Scope-reduction note (read this before merging)

This PR is not a like-for-like port of Docker's own zfs storage driver. The original Plan F design followed Docker's pattern: each image layer becomes its own ZFS dataset cloned from its parent's snapshot, with whiteouts applied per-layer in shell. We deliberately scoped that out in favor of a single-pass merge into one template per image. That's a real trade — the simpler design loses some properties worth flagging:

  • Cross-image layer dedup at the dataset level. Two images sharing a Debian base store the base's bytes twice on this design (block-level dedup=on recovers it but at ~5–6 GB RAM per TB indexed). The per-layer-chain design dedups for free.
  • Incremental re-pull cost on lineage updates. When alpine:3.21 replaces alpine:3.20, the per-layer design re-merges only the changed top layers; this design re-merges the full stack.
  • Layer-granular cache invalidation. Per-layer chain lets you zfs destroy a single suspect layer; this design throws out the whole template.
  • Native ZFS introspection of the layer chain (zfs list -t all, layer-level zfs send).
  • Quota accounting that matches intuition when many images share lower layers.

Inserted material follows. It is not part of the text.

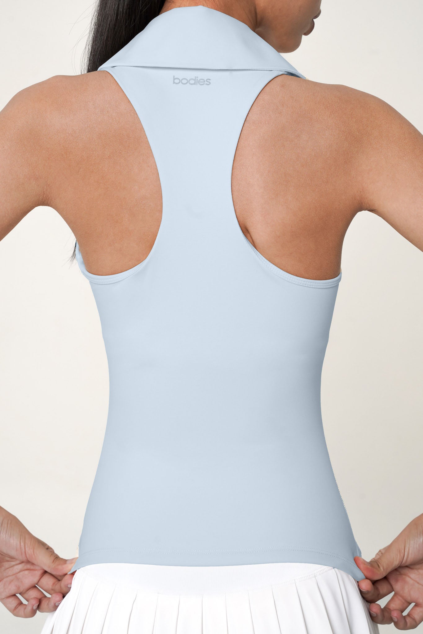 Own the day with Pavilion Polo Top, a modern twist on the classic polo. With its subtle V-neckline, structured collar, and flattering cut, it strikes the perfect balance between sporty ease and refined style. Removable bra padding adds versatile support, while the design naturally enhances your figure without trying too hard.

What we got in return: no in-shell whiteout/opaque-dir handling, no per-layer locks, no zfs promote flattening dance, ~5–15× fewer dataset objects per image, and ~90% of the work is reused from the existing dir-backend pipeline.

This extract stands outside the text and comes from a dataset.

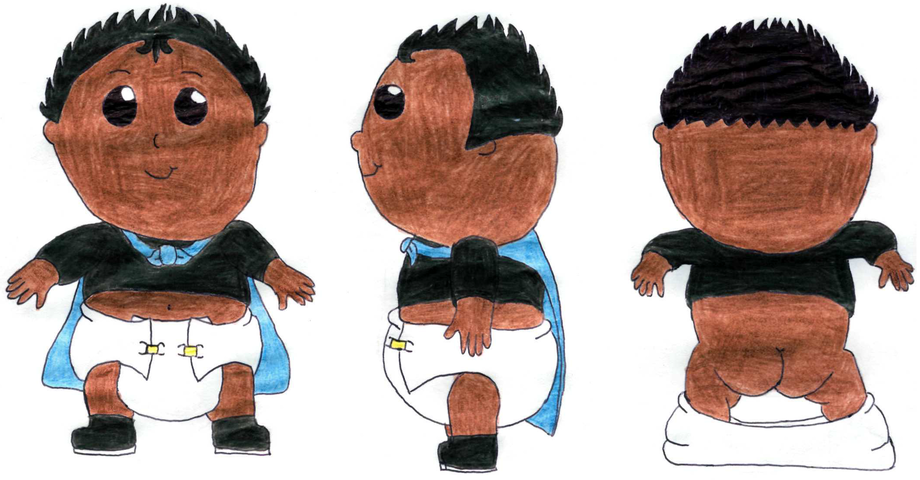 This character has a bit of history behind him since I have had this idea of him for at least 4 years but could never find out how to use him. The initial idea actually came to me in a dream I had of, for some odd reason, Mr. Incredible (The Incredibles) as a baby around the age of 2 or so, but with the mental status of an adult like using the potty and speaking clearly but with a young voice. so I worked that idea into what is this character today, I might even post some old artwork of him later.

This is a sensible default for sites with a small image set or where ZFS block-level dedup is acceptable. For HPC sites pulling many images that share common bases, a future plan ("Plan G") could add the per-layer chain as an opt-in alongside this code path (e.g. ENROOT_ZFS_LAYER_CHAIN=y), not as a replacement. Tracked as a known limitation.

Test Plan

Verified manually against a loopback ZFS pool on Linux 6.12.75 (aarch64), zfs-2.4.1:

  • enroot load -n alpine_loaded docker://alpine succeeds with ENROOT_STORAGE_BACKEND=zfs ENROOT_NATIVE_OVERLAYFS=no; rootfs readable; enroot start prints alpine os-release; enroot remove reaps clone + template (refcount).
  • enroot load -n debian_loaded docker://debian:stable-slim (multi-layer) succeeds; dpkg present in rootfs; zero .wh.* markers leaked through; enroot start prints Debian os-release.
  • Cache reuse: second enroot load of the same image takes ~0.7s and logs "Reusing cached template "; templates dataset count unchanged.
  • Existence check: second load with the same name without --force errors Container already exists: ...; with ENROOT_FORCE_OVERRIDE=y it overwrites.
  • Dir backend regression: ENROOT_STORAGE_BACKEND=dir ENROOT_NATIVE_OVERLAYFS=no errors with the new combined precondition message; with ENROOT_NATIVE_OVERLAYFS=y the dir backend works as before.
  • Precondition relaxation: ENROOT_STORAGE_BACKEND=zfs ENROOT_NATIVE_OVERLAYFS=no succeeds.

Known limitations

  • Per-layer dedup across distinct images is not done at the dataset level (see scope-reduction note).
  • The merge still runs through enroot-nsenter --user --remap-root and the kernel's overlay (or fuse-overlayfs) — we just redirect the result.
  • Concurrent loads of the same image are race-safe via the same .tmp lock as Plan A's ensure_template.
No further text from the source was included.